28/9/12

La tristeza sólo tiene un ojo y se dedica al negocio de los revestimientos de óxido para paladares. Por las mañanas va a una cafetería desierta. Como le hacen un periódico sólo para ella lo abre despacio renegando de tal o cuál foto con la que no acaba de estar de acuerdo. Muchas veces coincidimos. Trato de mantener la calma. Juego a ser extranjero y a hacer que miro mucho las cosas. Me extasío con el brillo de la cuchara o imagino que el azúcar que queda en el sobre es la base para una adivinanza cuya respuesta sólo traerá el invierno. Después salgo sin hacer ruido, casi de lado y nunca caigo en la trampa de decir hasta mañana. ¿Para qué te despides, imbécil? ¿No ves que aquí sólo venimos tú y yo? Desde niño compro sus revestimientos de óxido. No sabría deciros por qué. Al principio, cuando el gusto herrumbroso bajaba por la garganta me ponía nervioso. Jamás le comenté nada a mi madre. Sabía que aquella era una prueba personal.
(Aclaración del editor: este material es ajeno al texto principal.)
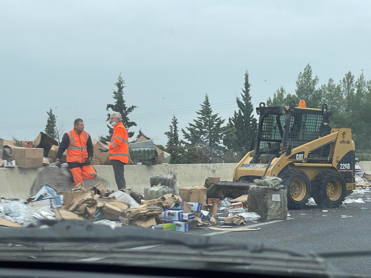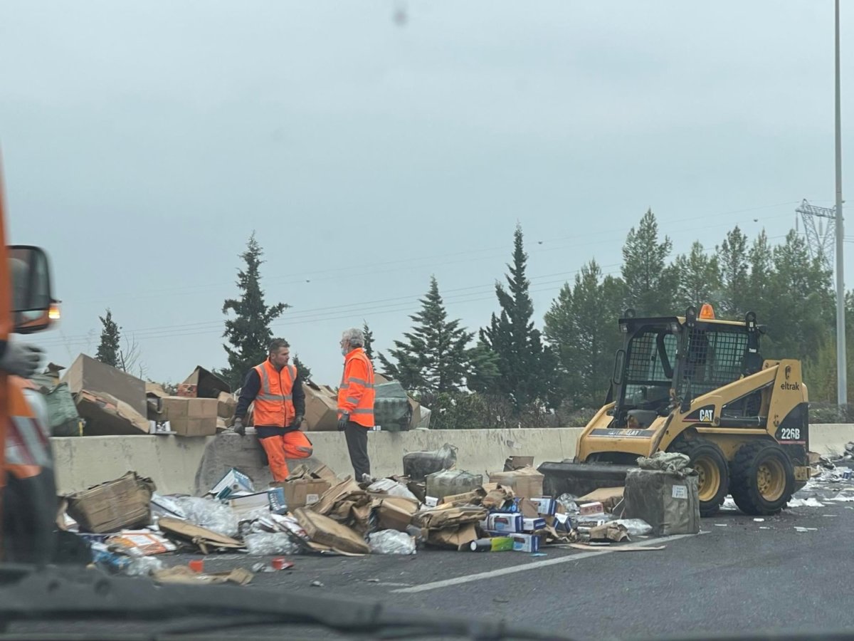 Χαρακτηριστικές είναι οι εικόνες από το σημείο στην Εθνική Οδό όπου έγινε το ατύχημα:
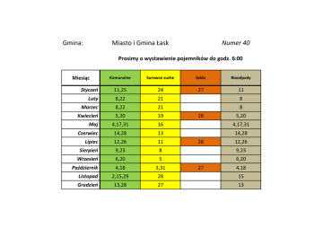 Gmina: Miasto i Gmina Łask Numer 40 Prosimy o wystawienie pojemników do godz. 6:00 Miesiąc Komunalne Surowce suche Szkło Bioodpady Styczeń 11,25 24 27 11 Luty 8,22 21 8 Marzec 8,22 21 8 Kwiecień 5,20 19 4,17,31 16 4,17,31 Czerwiec 14,28 13 14,28 Lipiec 12,26 11 Sierpień 9,23 8 9,23 Wrzesień 6,20 5 6,20 Październik 4,18 3,31 Listopad 2,15,29 28 15 Grudzień 13,28 27 13 Maj 28 28 27 5,20 12,26 4,18
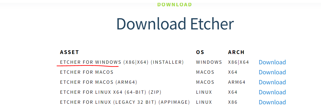 ETCHER을 사용하여 "sd-blob-b01.img" 를 SD 카드에 flashing. 우선 아래 site에 접속하여 Etcher 다운로드
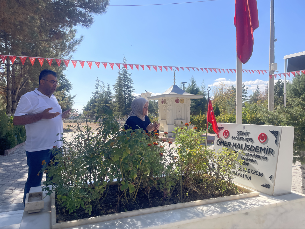 Şehidin kabrine ailesiyle gelen Serap Coşkun da Bursa'da yaşadığını, elebaşı Gülen'in ölümünün ardından şehidin kabrini ziyaret ettiklerini anlattı.
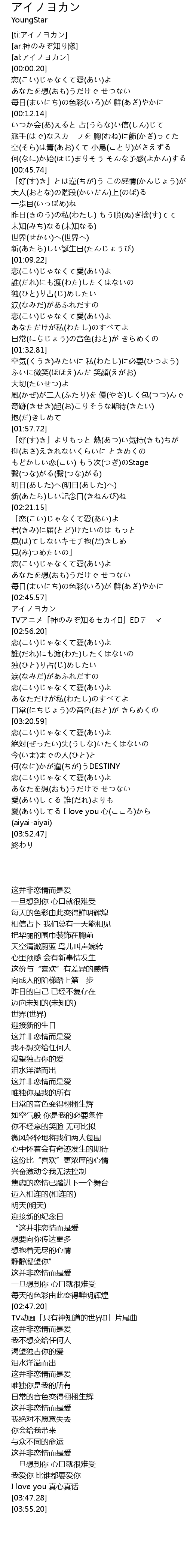 | [02:47.20] | アイノヨカン |

Una prueba no, un regalo desconcertante, algo así como una mascota que te acaba paseando a ti por la calle y después, en casa, te invita a ovillarte a sus pies. El sabor engancha. Pasan los años y ya no te acostumbras a un día sin él. Me han dicho que lo fabrica debajo de una montaña, en una cueva de luz azul que cuando te la quedas mirando fijamente se hace tan negra que los ingenuos como yo la confundimos con la felicidad.